DATASET EXCERPT |

──────────

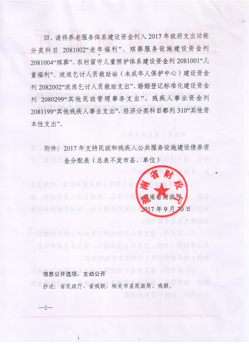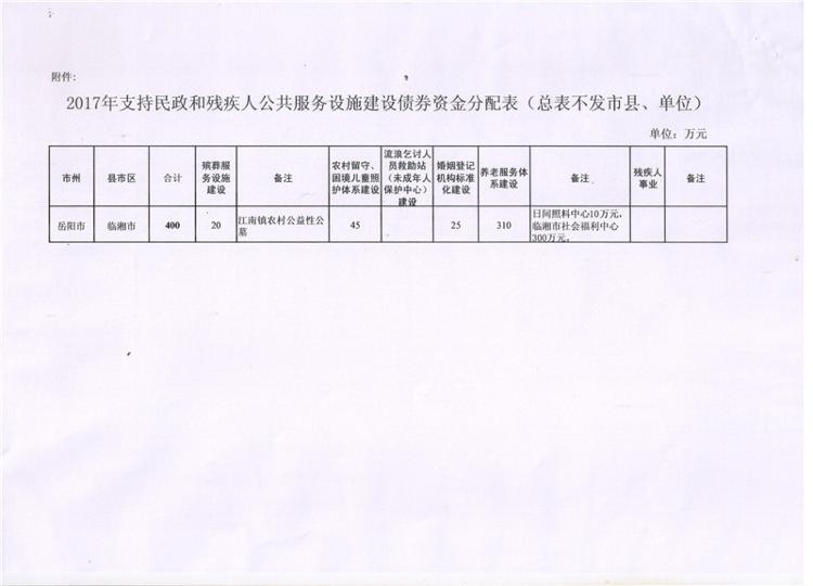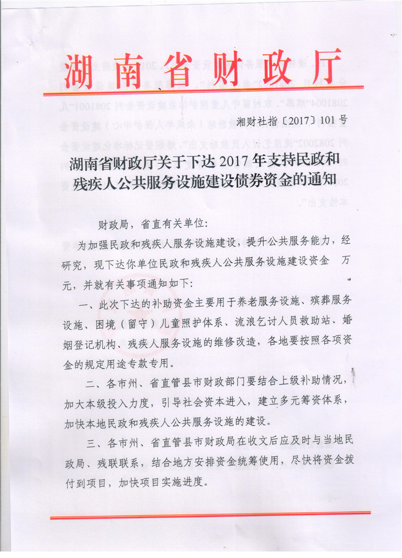 湖南省财政厅关于下达2017年支持民政和残疾人公共服务设施建设债券资金的通知
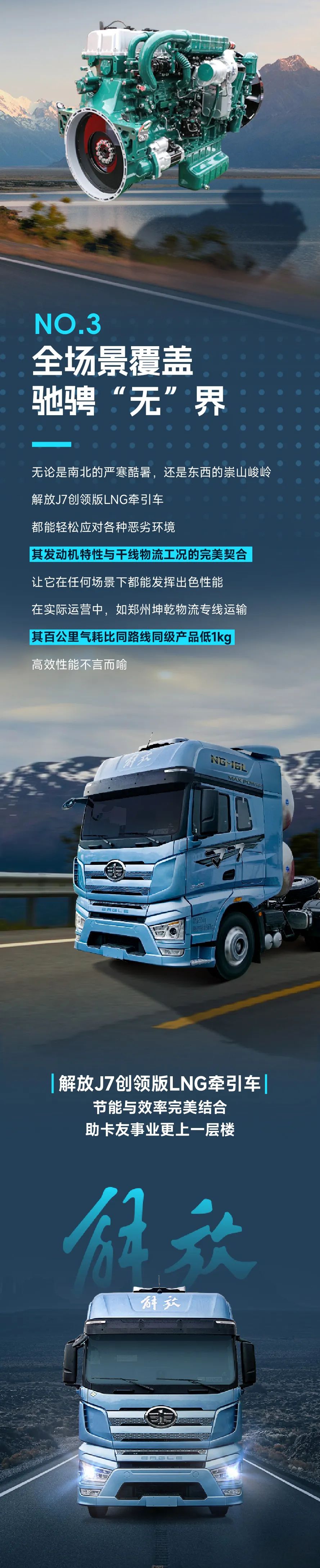名车博览 | 解放J7创领版600马力LNG牵引车气耗超低,满载“挣”能量!
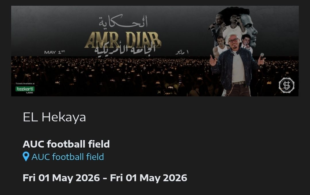يستعد النجم العالمي عمرو دياب لإحياء واحدة من أضخم السهرات الغنائية المنتظرة في قلب القاهرة، وتحديداً في حرم الجامعة الأمريكية، تحت عنوان الحكاية، والتي من المقرر انطلاق فعالياتها في الأول من مايو المقبل. وتأتي هذه الحفلة في وقت يعيش فيه الهضبة حالة من التوهج الفني الاستثنائي، حيث أعلنت الشركة المنظمة عن تفاصيل وشروط الحضور التي أثارت جدلاً واسعاً ومنحت الحفل طابعاً من الرقي والحصرية، خاصة مع تنوع فئات الدخول التي تبدأ من 1000 جنيه وتصل إلى مبالغ غير مسبوقة للمجموعات والوفود الخاصة.

──────────

WHAT IS NEEDED | Please retype the material in full, exactly as it reads, apart from the images.

RESPONSE BOX |
 湖南省财政厅关于下达2017年支持民政和残疾人公共服务设施建设债券资金的通知
名车博览 | 解放J7创领版600马力LNG牵引车气耗超低,满载“挣”能量!
يستعد النجم العالمي عمرو دياب لإحياء واحدة من أضخم السهرات الغنائية المنتظرة في قلب القاهرة، وتحديداً في حرم الجامعة الأمريكية، تحت عنوان الحكاية، والتي من المقرر انطلاق فعالياتها في الأول من مايو المقبل. وتأتي هذه الحفلة في وقت يعيش فيه الهضبة حالة من التوهج الفني الاستثنائي، حيث أعلنت الشركة المنظمة عن تفاصيل وشروط الحضور التي أثارت جدلاً واسعاً ومنحت الحفل طابعاً من الرقي والحصرية، خاصة مع تنوع فئات الدخول التي تبدأ من 1000 جنيه وتصل إلى مبالغ غير مسبوقة للمجموعات والوفود الخاصة.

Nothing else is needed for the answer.